From an article in the CERN Courier I recently learned about a program that brought together physicists and philosophers of science earlier this year around the topic of philosophy and particle physics. This was the First International Spring School on Particle Physics and Philosophy held last March in Germany, and I gather that there are plans for a second one in two years.
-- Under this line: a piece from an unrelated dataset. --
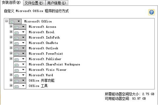其中安装选项:如果你只需要安装常用的Word、Excel及PPT的话,那就把剩余的都叉掉吧,但记得Office工具保留哦。
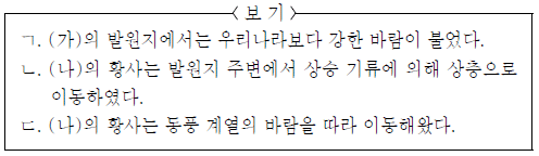 그림 (가)는 황사가 발원한 2009년 어느 날 우리나라 주변의 일기도를, (나)는 이로부터 며칠 후 우리나라의 상층 대기에 나타난 황사 모습을 나타낸 것이다.

Unlike many “physics and philosophy” efforts, which often revolve around rather sterile debates, the central topics of this school were very real issues currently at the heart of fundamental physics. In particular, the questions of gauge symmetry and the Higgs mechanism played an appropriately large role, with the experimental situation an important part of the discussion. In a few days (at EPS-HEP2011) we’re likely to hear the first significant results about the Higgs coming from the LHC. This will mark the beginning of a new era likely lasting for a while which will be dominated by news coming from the LHC on this topic, and a major re-orientation of theoretical research in response. New ideas will hopefully emerge, and models that have held theorists attention for decades will likely fall by the way-side (in his talk on supersymmetry, Michael Kraemer expresses the opinion that if it doesn’t show up in the 2011/12 run, it’s all over for weak scale supersymmetry).
The speaker’s slides for the conference unfortunately aren’t now publicly available since the organizers haven’t gotten permission from their authors, but perhaps they’ll be made available at some point, somewhere in some form.